The two requirements are:
The string, when converted back to an f64, is greater than or equal to the original f64 (so 0.123 -> "0.124" is acceptable)
The string has 3 significant digits (although dropping trailing zeros is acceptable, so 0.5 -> "0.5" and "0.5 -> "0.500" both work)
In case it comes up, the input number will always be positive.
This is harder than it seems because there is no way to tell the formatting machinery to change the rounding strategy. Also, format precision works on the number of digits after the decimal point, not on the number of significant digits. (AFAIK there is no equivalent to the printf("%.3g", n), and even if there were, it wouldn't round up.)
You can use a decimal arithmetic crate such as rust_decimal to do the heavy-lifting - something like:
use rust_decimal::prelude::*;
pub fn fmtup(n: f64, ndigits: u32) -> String {
let d = Decimal::from_f64_retain(n).unwrap();
d.round_sf_with_strategy(ndigits, RoundingStrategy::AwayFromZero)
.unwrap()
.normalize()
.to_string()
}
EDIT: The answer originally included a manual implementation of the rounding due to issues in rust_decimal which have since been fixed. As of Oct 24 2021 the above snippet using rust_decimal is the recommended solution. The only exception is if you need to handle numbers that are very large or very close to zero (such as 1.234e-42 or 1.234e42), which are approximated to zero or rejected by rust_decimal.

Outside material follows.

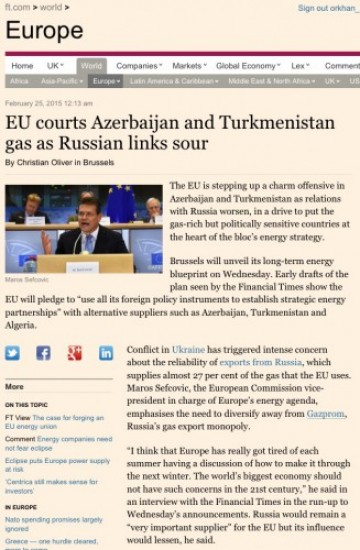 Energetika gündəmi üzrə Avropa Komissiyasının vitse-prezidenti Maroş Şefçoviçin sözlərinə istinad edən qəzet yazır ki, Rusiya Aİ üçün vacib təchizatçı olaraq qalsa da, onun Avropada təsiri azalacaq. M.Şefçoviç bildirib ki, Azərbaycan qazını Avropaya gətirəcək TANAP və TAP layihələrinin 2019-cu ilin sonunadək tamamlanması üçün Aİ bütün qüvvələrini səfərbər edəcək.

To manually round to significant digits, one can scale the number until it has the desired number of digits before the decimal point, and then round it up. In case of 3 digits, scaling would multiply or divide it by 10 until it falls between 100 and 1000. After rounding the number, format the resulting whole number as string, and insert the . at the position determined by the amount of scaling done in the first step.
To avoid inexactness of floating-point division by ten, the number can be first converted to a fraction, and then all operations can proceed on the fraction. Here is an implementation that uses the ubiquitous num crate to provide fractions:
use num::{rational::BigRational, FromPrimitive};
/// Format `n` to `ndigits` significant digits, rounding away from zero.
pub fn fmtup(n: f64, ndigits: i32) -> String {
// Pass 0 (which we can't scale), infinities and NaN to f64::to_string()
if n == 0.0 || !n.is_finite() {
return n.to_string();
}
// Handle negative numbers the easy way.
if n < 0.0 {
return format!("-{}", fmtup(-n, ndigits));
}
// Convert the input to a fraction. From this point onward, we are only doing exact
// arithmetic.
let mut n = BigRational::from_float(n).unwrap();
// Scale N so its whole part is ndigits long, meaning truncating it will result in an
// integer ndigits long. If ndigits is 3, we'd want N to be in (100, 1000] range, so
// that e.g. 0.012345 would be scaled to 123.45, and then rounded up to 124.
let mut scale = 0i16;
let ten = BigRational::from_u8(10).unwrap();
let lower_bound = ten.pow(ndigits - 1);
if n < lower_bound {
while n < lower_bound {
n *= &ten;
scale -= 1;
}
} else {
let upper_bound = lower_bound * &ten;
while n >= upper_bound {
n /= &ten;
scale += 1;
}
}
// Round N up
n = n.ceil();
// Format the number as integer and place the decimal point at the right position.
let mut s = n.to_string();
// multiply N with 10**scale, i.e. append zeros if SCALE is positve, otherwise
// insert the point inside or before the number
if scale > 0 {
s.extend(std::iter::repeat('0').take(scale as _));
} else if scale < 0 {
// Find where to place the decimal point in the string.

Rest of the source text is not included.